I didn't investigate too much time, because the setup is a homelab installation, and I've thought that downgrading the ca-certificates package was the root cause. Hence I've updated it to the latest version, but the issue still persisted.
systemctl status kubelet
showed that the service died with an error "Error getting node" err="node "127.0.0.1" not found". A restart didn't help.
I've uninstalled kubernetes, and installed it again, without luck.
I've noticed that kind get clusters
showed up with the cluster kind
. I've deleted it.
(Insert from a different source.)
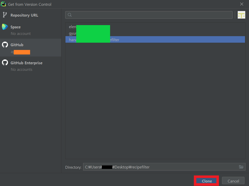 * GitHub 글자 밑에 GitHub 아이디가 표시될 것이고, 우측에는 git repo 이름들이 뜬다. 그 중 연결 원하는 repo를 클릭하고 우측 하단의 Clone 버튼 클릭 (Directory 원하는대로 변경해도 되지만 기본 설정으로 진행하였음)

This time kind get clusters
displayed 'no kind clusters found.'.
Kubelet still had the issue of error getting node.
root@photon-f72a20e6dbfc [ /etc/systemd ]# systemctl status kubelet
● kubelet.service - Kubernetes Kubelet Server
Loaded: loaded (/usr/lib/systemd/system/kubelet.service; enabled; vendor preset: enabled)
Active: active (running) since Sun 2022-03-20 14:27:31 CET; 1s ago
Docs: https://github.com/GoogleCloudPlatform/kubernetes
Main PID: 17604 (kubelet)
Tasks: 14 (limit: 9347)
Memory: 59.0M
CGroup: /system.slice/kubelet.service
└─17604 /usr/bin/kubelet --logtostderr=true --v=0 --kubeconfig=/etc/kubernetes/kubeconfig --address=127.0.0.1 --hostname-override=127.0.0.1
Mär 20 14:27:33 photon-f72a20e6dbfc kubelet[17604]: E0320 14:27:33.096235 17604 controller.go:144] failed to ensure lease exists, will retry in 800ms, error: Get "http://127.0.0.1:8080/apis/>
Mär 20 14:27:33 photon-f72a20e6dbfc kubelet[17604]: E0320 14:27:33.188341 17604 kubelet.go:2412] "Error getting node" err="node \"127.0.0.1\" not found"
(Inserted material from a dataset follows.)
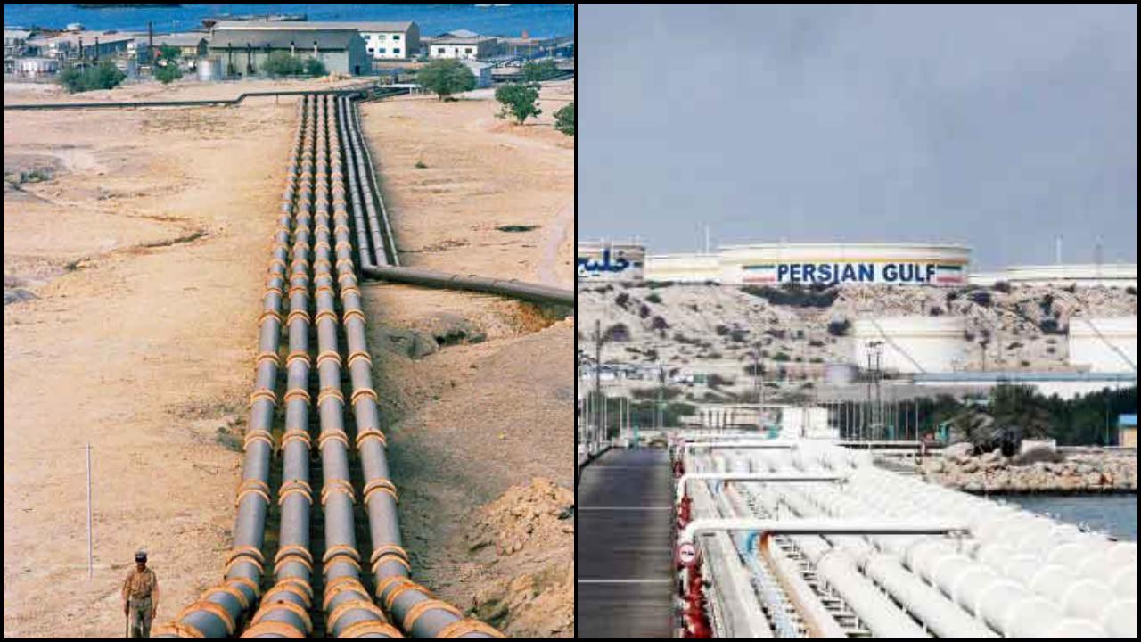 ૧૭ મિલ્યન બૅરલ કૅપેસિટીવાળા ટૅન્ક ફાર્મથી ખાર્ગ આઇલૅન્ડની જેટ્ટીની નીચે તેલ લઈ જતી પાઇપો.

Mär 20 14:27:33 photon-f72a20e6dbfc kubelet[17604]: E0320 14:27:33.288772 17604 kubelet.go:2412] "Error getting node" err="node \"127.0.0.1\" not found"
Mär 20 14:27:33 photon-f72a20e6dbfc kubelet[17604]: E0320 14:27:33.389234 17604 kubelet.go:2412] "Error getting node" err="node \"127.0.0.1\" not found"
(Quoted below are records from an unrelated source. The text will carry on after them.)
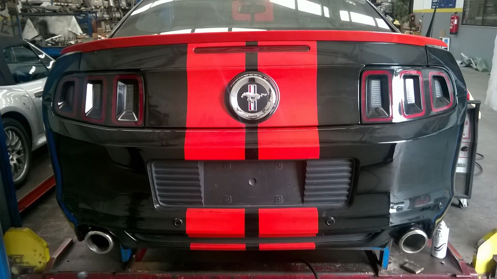Aplicación de 2 silenciadores de acero inoxidable en Mustang 2014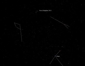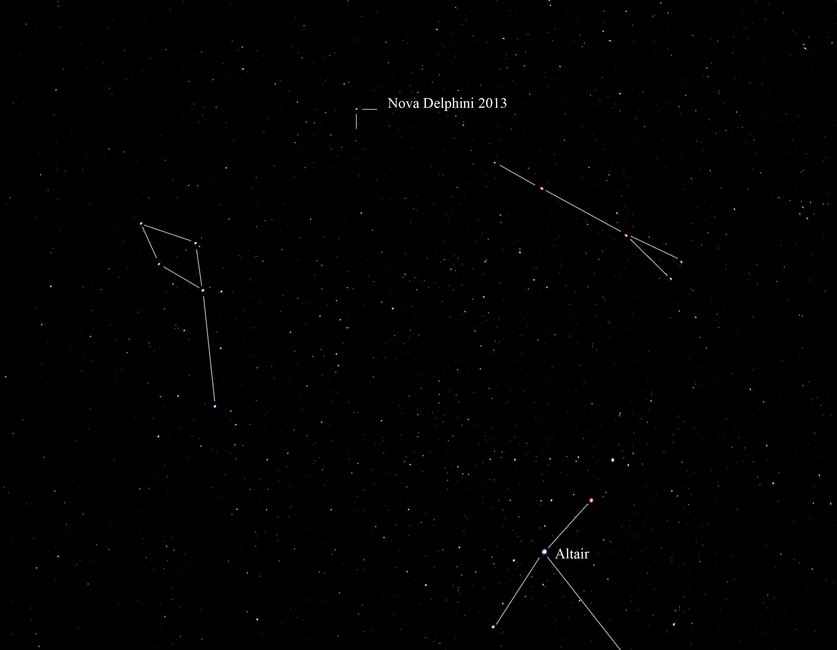 | Nova Delphini 2013 - aufgenommen am 16.08.2013 D90 huckepack auf Skywatcher 200/1000, HEQ-5 Pro, 7x60s, Blende 1.8, ISO 400 |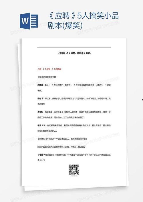 你知道吗?最近我在网上发现了一个超级搞笑的小品剧本,简直让人笑到肚子疼!这个剧本是由8位女生共同创作和演绎的,每一个角色都个性鲜明,情节更是跌宕起伏,让人捧腹大笑。今天,就让我带你一起来揭秘这个让人笑到停不下来的小品剧本吧!

Mär 20 14:27:33 photon-f72a20e6dbfc kubelet[17604]: I0320 14:27:33.416244 17604 kubelet_node_status.go:71] "Attempting to register node" node="127.0.0.1"
Mär 20 14:27:33 photon-f72a20e6dbfc kubelet[17604]: E0320 14:27:33.417092 17604 kubelet_node_status.go:93] "Unable to register node with API server" err="Post \"http://127.0.0.1:8080/api/v1/>
Mär 20 14:27:33 photon-f72a20e6dbfc kubelet[17604]: E0320 14:27:33.464095 17604 reflector.go:138] k8s.io/client-go/informers/factory.go:134: Failed to watch *v1.Node: failed to list *v1.Node>
Mär 20 14:27:33 photon-f72a20e6dbfc kubelet[17604]: E0320 14:27:33.489882 17604 kubelet.go:2412] "Error getting node" err="node \"127.0.0.1\" not found"
Mär 20 14:27:33 photon-f72a20e6dbfc kubelet[17604]: E0320 14:27:33.590373 17604 kubelet.go:2412] "Error getting node" err="node \"127.0.0.1\" not found"
Mär 20 14:27:33 photon-f72a20e6dbfc kubelet[17604]: E0320 14:27:33.691013 17604 kubelet.go:2412] "Error getting node" err="node \"127.0.0.1\" not found"
I've stopped kubelet, and removed kubernetes again tdnf remove kubernetes
.
In addition, I've deleted some files which I've found on the filesystem.
rm /usr/libexec/kubernetes
rm -rf /usr/share/gocode/pkg/mod/github.com/
rm -rf /usr/share/gocode/pkg/mod/cache/download/k8s.io/kubernetes
I've deleted all docker images, containers and volumes and removed docker.
After that, I've installed kubernetes and docker again. Now the installation worked.
root@photon-f72a20e6dbfc [ / ]# kind create cluster
Creating cluster "kind" ...
✓ Ensuring node image (kindest/node:v1.21.1) 🖼
✓ Preparing nodes 📦
✓ Writing configuration 📜
✓ Starting control-plane 🕹️
✓ Installing CNI 🔌
✓ Installing StorageClass 💾
Set kubectl context to "kind-kind"
You can now use your cluster with:
kubectl cluster-info --context kind-kind
Thanks for using kind! 😊
root@photon-f72a20e6dbfc [ / ]#
The kubelet issue still persisted. kubeadm certs check-expiration
resulted that all certificates were missing.
I haven't the experience yet, to drill down more efficient the root cause and to fix it with minimal impact. For now, in the homelab, I redeployed the setup.